Teampall na nGrífín, the church of the Griffins, belongs to a family who once held territory stretching from Ballyheigue to Ardfert, and the connection is not merely nominal. A single carved stone on the internal east jamb shows interlaced wyverns biting each other's tails above a plaited pattern, a piece of decorative stonework that the antiquary Charles Smith noted in 1756 as depicting "a griffin and a dragon conjoined which some of the family of Fitzmaurice carried formerly as supporters to their arms." It is a small, easily missed detail in a ruined building, but it plants the church firmly in the social world of late medieval Munster.
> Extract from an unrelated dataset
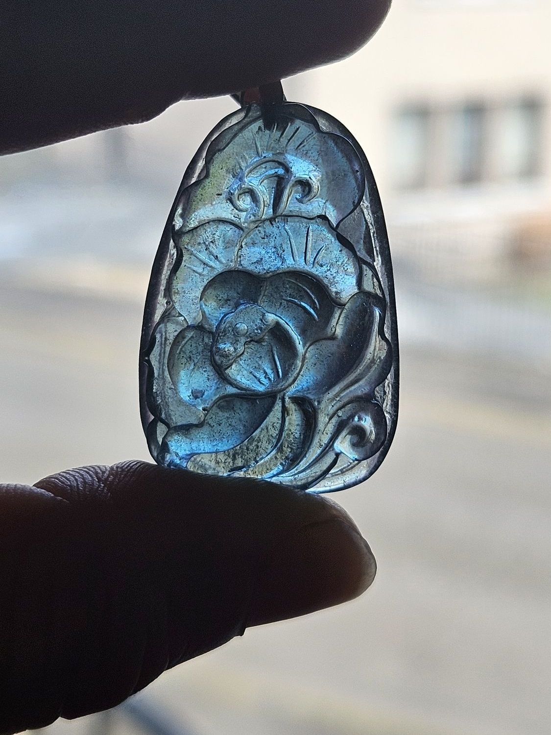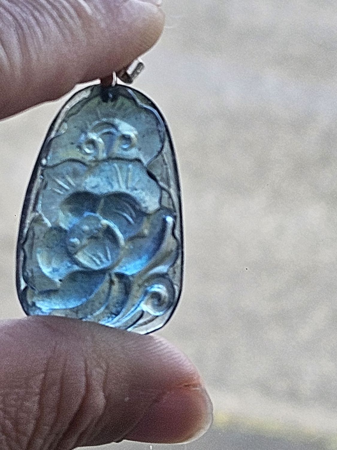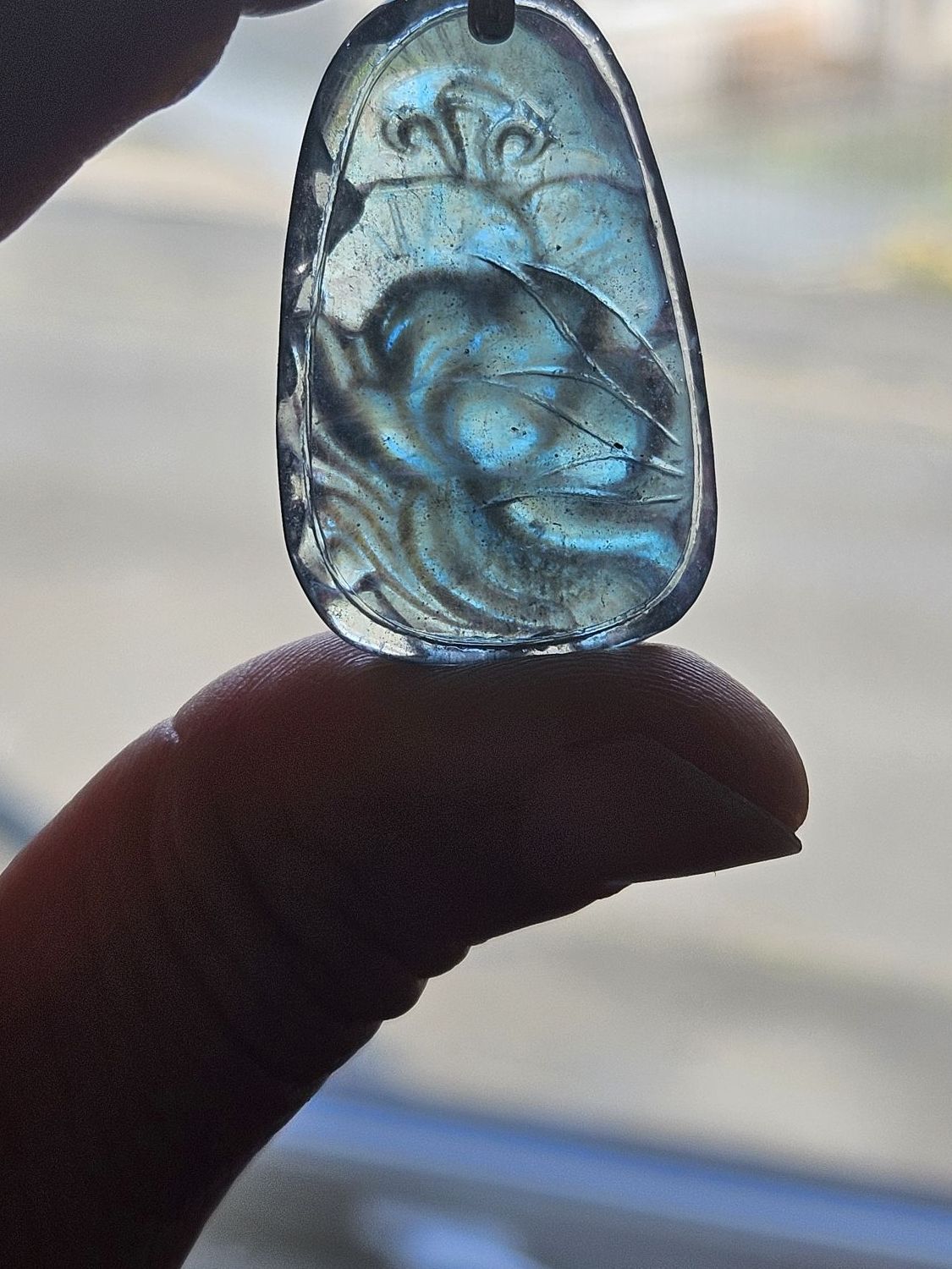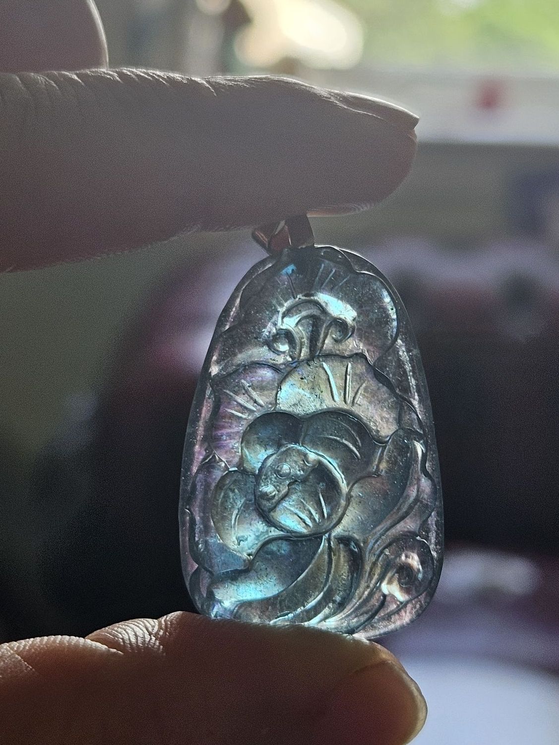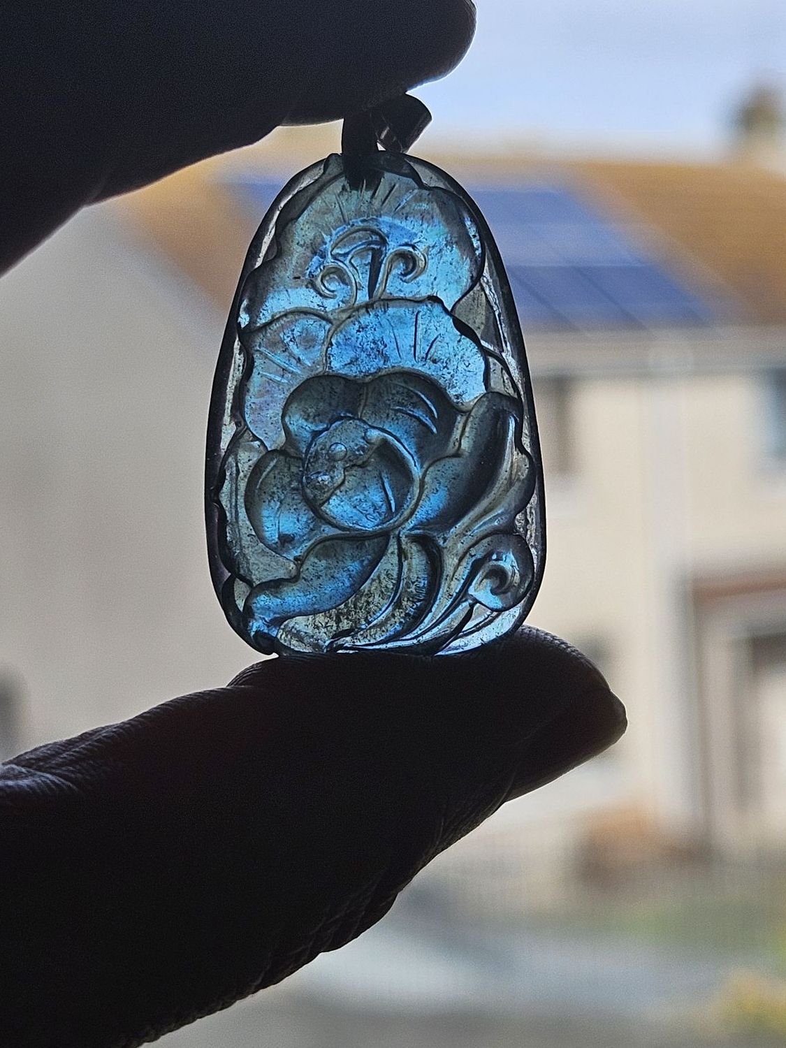 Aquamarine pendant measures 32.6 x 21.5 x 9.3mm. Aquamarine can relieve tension and reduce feelings of stress, anger or frustration; it also helps eliminate negative emotions. Help throat infections, swollen glands and thyroid. £58

The church measures 14.5 by 7 metres internally, a modest single-aisled structure built mostly of roughly coursed limestone, with red and green sandstone appearing in smaller amounts throughout the fabric. The walls are in reasonable condition by the standards of unroofed medieval ruins; the north and south walls stand to around 4 metres, while the gables reach 8 to 9 metres, with a rectangular bell-cote rising above the west gable. The east wall retains a tall splayed cusped twin-light window with chamfered limestone jambs. The south wall holds a piscina, the small stone basin used for rinsing liturgical vessels during Mass, with a pointed limestone arch and chamfered red sandstone jambs. Between two windows in the south wall, a round-headed splayed doorway opens with red sandstone jambs and a limestone arch. The mix of materials gives the building a quietly patchwork quality, the red sandstone catching the eye against the grey limestone in a way that photographs rarely do justice to. The church sits just 36 metres from Ardfert Cathedral and 7 metres from a Romanesque church, making the graveyard one of the more concentrated assemblages of medieval ecclesiastical remains in the county.